Burger sold by McDonald's

The McAfrika was a hamburger sold by the fast food restaurant chain McDonald's in Norway and Denmark as a Limited Edition Olympic Games Burger. It attracted significant public criticism as a result of its name and the timing of its launch.

==Product==
The McAfrika sandwich contained beef, cheese, and tomatoes wrapped in pita bread. McDonald's claimed it was based upon an authentic African recipe.

==Public reaction==
The McAfrika was released in 2002, just as a major famine was occurring in Malawi, Zimbabwe, Mozambique, Zambia, Lesotho and Swaziland. The name of the burger was immediately criticized for being grossly insensitive, especially since it was released in Norway, one of the richest nations in the world.

Norwegian Church Aid and the Norwegian Red Cross, which were both conducting humanitarian operations in southern Africa at the time, said that McDonald's decision was insensitive, crass and ill-considered. Linn Aas-Hansen said that "it's inappropriate and distasteful to launch a hamburger called McAfrika when large portions of southern Africa are on the verge of starvation." CARE Norway demanded that McDonald's withdraw the burger. In particular, Norwegian Church Aid protested the McAfrika burgers by giving out "catastrophe crackers" to customers entering Norwegian McDonald's outlets.

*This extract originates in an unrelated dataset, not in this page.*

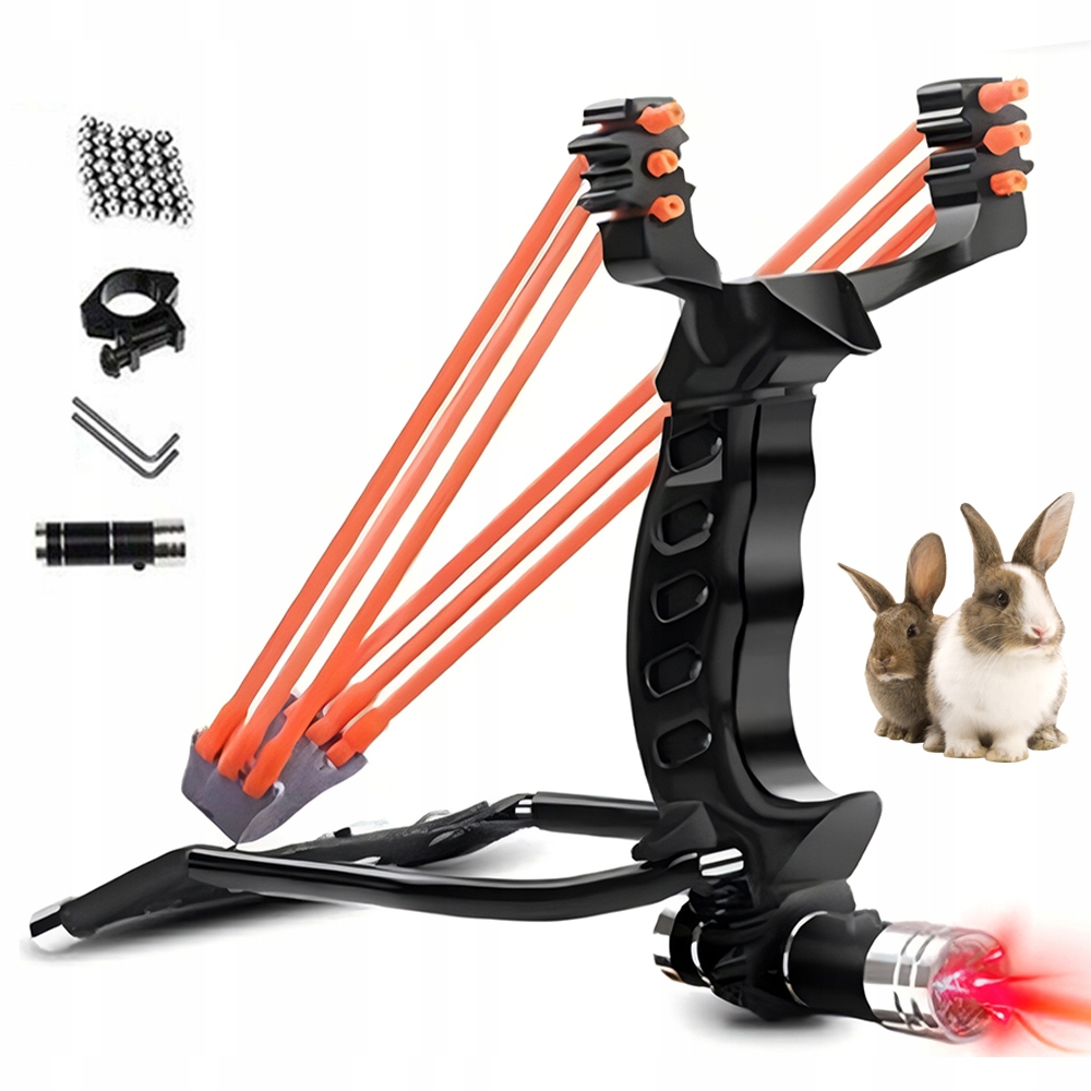 Рогатка с лазерным прицелом + ПРОЧНАЯ ТРОЙНАЯ РЕЗИНА И 100 ШАРИКОВ

Support for McDonald's came from the organization African Youth in Norway who appreciated Africa's name being used in a positive manner instead of as a continent of war and poverty.

==McDonald's response==
McDonald's did not withdraw the burger, instead offering it until September 2002, just as planned in its campaign. However, as a conciliatory gesture, it allowed aid agencies to put up posters and donation boxes in McDonald's restaurants where the McAfrika was being sold. Furthermore, McDonald's spokesperson Margaret Brusletto apologized for the timing of the launch, saying "We acknowledge that we have chosen an unfortunate time to launch this new product."

==2008 re-launch==
The McAfrika was re-launched in 2008 to promote the 2008 Beijing Olympics for a short time, and attracted a similarly negative response.